Third, the data needs to be adequately mapped to each HBM channel's address space. A data mapping scheme should map data in such a way that the data required by the processing unit is readily available in the vicinity (data and code co-location). An inefficient data mapping mechanism can severely hamper the benefits of processing close to memory.

Fourth, we make use of OCAPI in a coarse-grained way, since we offload the entire application to the FPGA. In this case, OCAPI ensures that the FPGA accelerators access the entire CPU memory with the minimum number of memory copies between the host and the FPGA, e.g., avoiding the intermediate buffer copies that a traditional PCIe-based DMA invokes [52]. However, depending on the application, the CAPI protocol can be employed in finer-grained algorithm-hardware co-design, like the *ExtraV* [106], where the authors aggressively utilize the fine-grained communication capability of OCAPI to boost graph analytics performance.

Fifth, the maximum performance of our HBM-based design is reached using the maximum PE count that we can fit in the reconfigurable fabric, with each PE having a dedicated HBM channel. However, adding more PEs could lead to timing constraint violations for HBM-based designs. As shown with our multi-channel setting (Section 4.3), where we can fit only 3 PEs for both vadvc and hdiff, enabling more HBM channels leads to timing constraint violations. HBM-based FPGAs consist of multiple super-logic regions (SLRs) [18], where an SLR represents a single FPGA die. All HBM channels are connected only to SLR0, while other SLRs have indirect connections to the HBM channels. Therefore, if a PE is implemented in a non-SLR0 region for a large design, it might make timing closure difficult. A possible way to alleviate timing issues is by running the AFU at a lower frequency, which eases the place and route.

Sixth, the energy efficiency of our HBM-based designs tends to saturate (or even reduces) as we increase the number of PEs beyond some point. The highest energy efficiency is achieved with a PE count that is smaller than the highest-performing PE count. The major reason for a decrease in the energy efficiency is the increase in power consumption with every additional HBM channel.
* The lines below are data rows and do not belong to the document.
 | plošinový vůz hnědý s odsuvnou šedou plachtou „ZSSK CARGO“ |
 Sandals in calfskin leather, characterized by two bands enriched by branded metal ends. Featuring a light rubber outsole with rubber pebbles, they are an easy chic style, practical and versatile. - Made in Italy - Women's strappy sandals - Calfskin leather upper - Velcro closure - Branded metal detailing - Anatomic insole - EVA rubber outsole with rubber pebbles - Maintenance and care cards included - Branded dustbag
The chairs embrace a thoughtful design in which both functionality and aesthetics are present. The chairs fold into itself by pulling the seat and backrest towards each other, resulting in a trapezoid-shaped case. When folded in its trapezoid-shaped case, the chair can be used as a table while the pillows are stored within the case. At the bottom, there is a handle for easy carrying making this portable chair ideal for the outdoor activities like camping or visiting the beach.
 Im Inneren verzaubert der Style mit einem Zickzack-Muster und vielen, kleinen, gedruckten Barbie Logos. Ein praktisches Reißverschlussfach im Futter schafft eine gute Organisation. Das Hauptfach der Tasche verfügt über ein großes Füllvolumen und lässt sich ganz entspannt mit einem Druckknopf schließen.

Seventh, the emerging cache-coherent interconnects standards like CXL [145], CCIX [39], and OCAPI [156] could be vital in improving the performance and energy efficiency of big data workloads running on FPGA-based devices because they avoid having multiple data copies. However, a very small number of works, such as [106], leverage the *coherency* aspect of these interconnects. More quantitative exploration is required to analyze the advantages and disadvantages of using these interconnects.
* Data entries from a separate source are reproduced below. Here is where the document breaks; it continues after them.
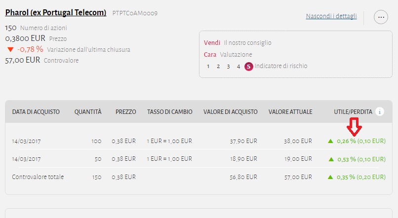 Per consultare la performance di un titolo dalla data di acquisto, clicca su «Mostra i dettagli». Vedrai così l’andamento del titolo da ogni data di acquisto (in base ai prezzi registrati al momento dell’acquisto o da te modificati). La linea in basso mostra l’insieme dei diversi acquisti effettuati per il titolo consultato.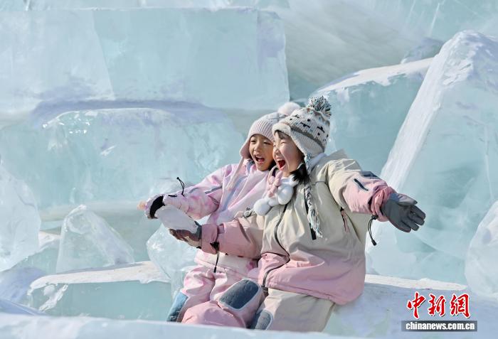 长春打造“蓝冰”景观 市民打卡体验“冰川世界”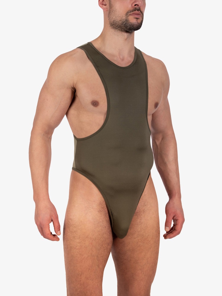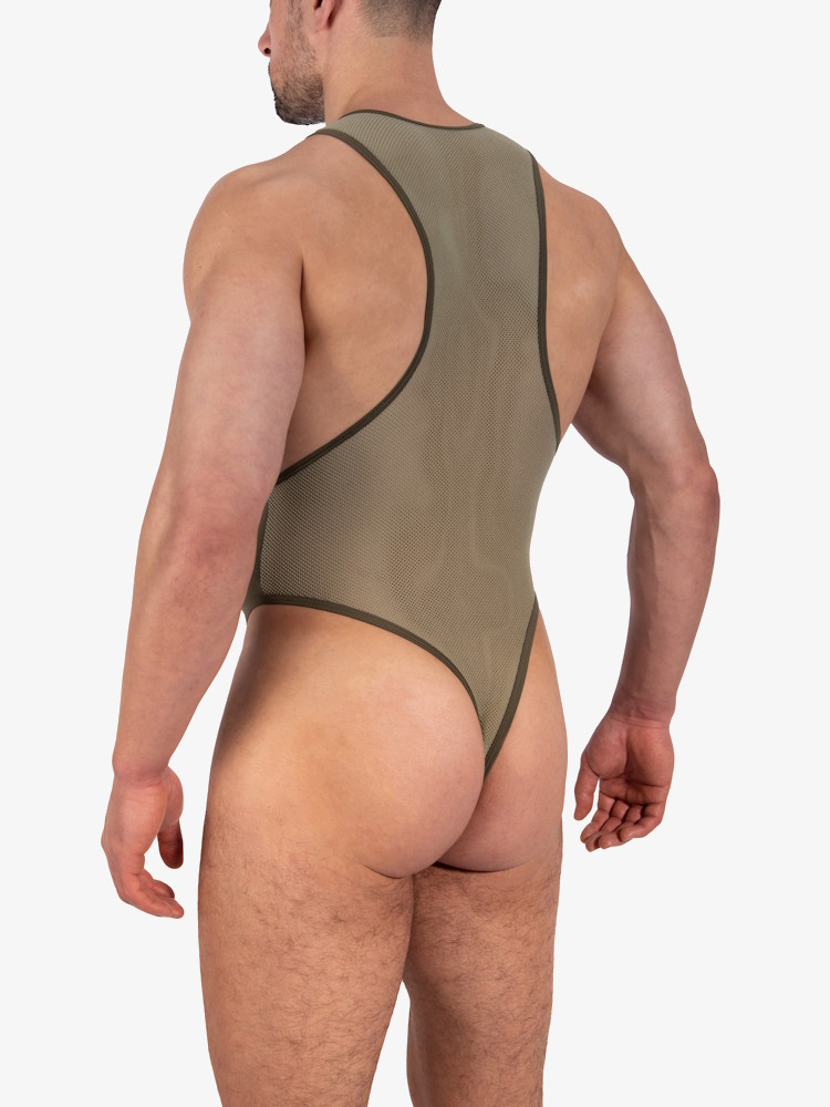 Manstore M2334 String Body 212335 herenbody in combinatie van groene stretch en mesh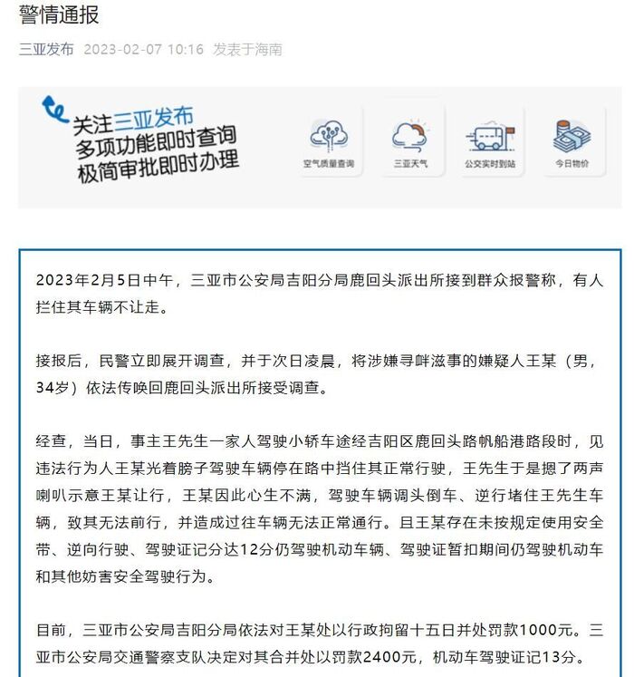 荔枝新闻讯 据“三亚发布”微信号消息,2023年2月5日中午,三亚市公安局吉阳分局鹿回头派出所接到群众报警称,有人拦住其车辆不让走。

Eighth, we are witnessing an enormous amount of data being generated across multiple application domains [123, 151] like weather prediction modeling, radio astronomy, bioinformatics, material science, chemistry, health sciences, etc. The processing of the sheer amount of generated data is one of the biggest challenges to overcome. In this paper, we demonstrate the capabilities of near-memory reconfigurable accelerators in the domain of weather prediction, however, there are many other high-performance computing applications where such near-memory architectures can alleviate the data movement bottleneck.

### 6 Related Work

To our knowledge, this is the first work to evaluate the benefits of using FPGAs equipped with high-bandwidth memory (HBM) to accelerate real-world weather modeling stencils. We exploit the near-memory capabilities of such FPGAs to accelerate important weather prediction kernels. Exploiting the high-bandwidth memory in FPGAs, we answer the following questions with our work. First, do real-world weather prediction applications benefit from HBM-based FPGAs? Second, how can we scale the processing in terms of not only run-time but also energy efficiency? Third, what does the system look like regarding computation and data movement with an HBM-enabled FPGA when integrating accelerators for real-world weather prediction workloads?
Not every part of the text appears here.